2 ACM 38688 Providence of Plea

Pursuant to United States v. Grostefon, 12 M.J. 431 (C.M.A. 1982), Appellant argues that his guilty pleas to violating paragraph 4.5.3 of AETCI 36-2909, by engaging in unprofessional relationships with applicants, was improvident because the instruction was not a punitive instruction. In pleading guilty, Appellant specifically told the military judge that he believed that the instruction was punitive. On appeal, however, Appellant asserts that he was incorrect in believing that the instruction was punitive and that, as a matter of law, the provision was not punitive. Specifically, Appellant argues that the instruction does not comply with the administrative requirements of Air Force Instruction 33-360, ¶ 2.17.1, Publications and Forms Management (18 May 2006), and that, therefore, AETCI 36-2909 is not a punitive instruction.

Pure questions of law arising from a guilty plea are reviewed de novo. United States v. Inabinette, 66 M.J. 320, 322 (C.A.A.F. 2008). Rejection of a guilty plea requires that the record show a substantial basis for questioning the providence of the plea. Id.; United States v. Prater, 32 M.J. 433, 436 (C.M.A. 1991).

In United States v. LeBlanc, 74 M.J. 650 (A.F. Ct. Crim. App. 2015), we considered and explicitly rejected the argument that AETCI 36-2909 is not a punitive instruction. We again reject this argument for the reasons set forth in LeBlanc.

Military Judge Recusal

Pursuant to Grostefon, Appellant argues for the first time on appeal that the military judge should have sua sponte recused herself from presiding over this court-martial. Appellant asserts the military judge took a hostile tone toward his civilian defense counsel, especially when compared to her discussions with the trial counsel.

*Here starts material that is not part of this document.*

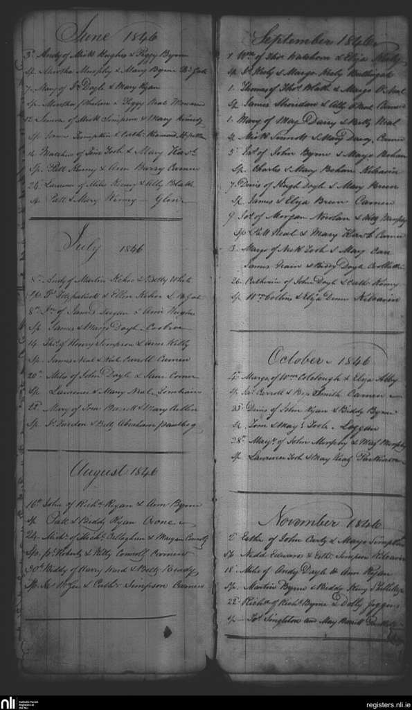 Tomacork; County of Wexford, Wicklow; Diocese of Ferns. Baptisms, June 1846 to Nov. 1846

Appellant bases his assertion on the military judge electing to hold his civilian defense counsel in contempt, while not taking a similar action against the trial counsel. At no point during the proceedings did Appellant request to voir dire the military judge or request that the military judge recuse herself.

Military judges must disqualify themselves if their “impartiality might reasonably be questioned,” or if they have “a personal bias or prejudice concerning a party or personal knowledge of disputed evidentiary facts.” Rules for Courts-Martial (R.C.M.) 902(a) and (b)(1). While a military judge’s decision on recusal is reviewed for abuse of discretion where it is raised by an appellant at trial, when an appellant does not raise the issue until appeal, it is reviewed under the plain error standard. United States v. Martinez, 70 M.J. 154, 157 (C.A.A.F. 2011). “Plain error occurs when (1) there is error, (2) the error is plain or obvious, and (3) the error results in material prejudice.” Id.

3 ACM 38688 “[W]hen a military judge’s impartiality is challenged on appeal, the test is whether, taken as a whole in the context of this trial, a court-martial’s legality, fairness, and impartiality were put into doubt by the military judge’s [actions].” United States v. Burton, 52 M.J. 223, 226 (C.A.A.F. 2000) (citation and quotation marks omitted).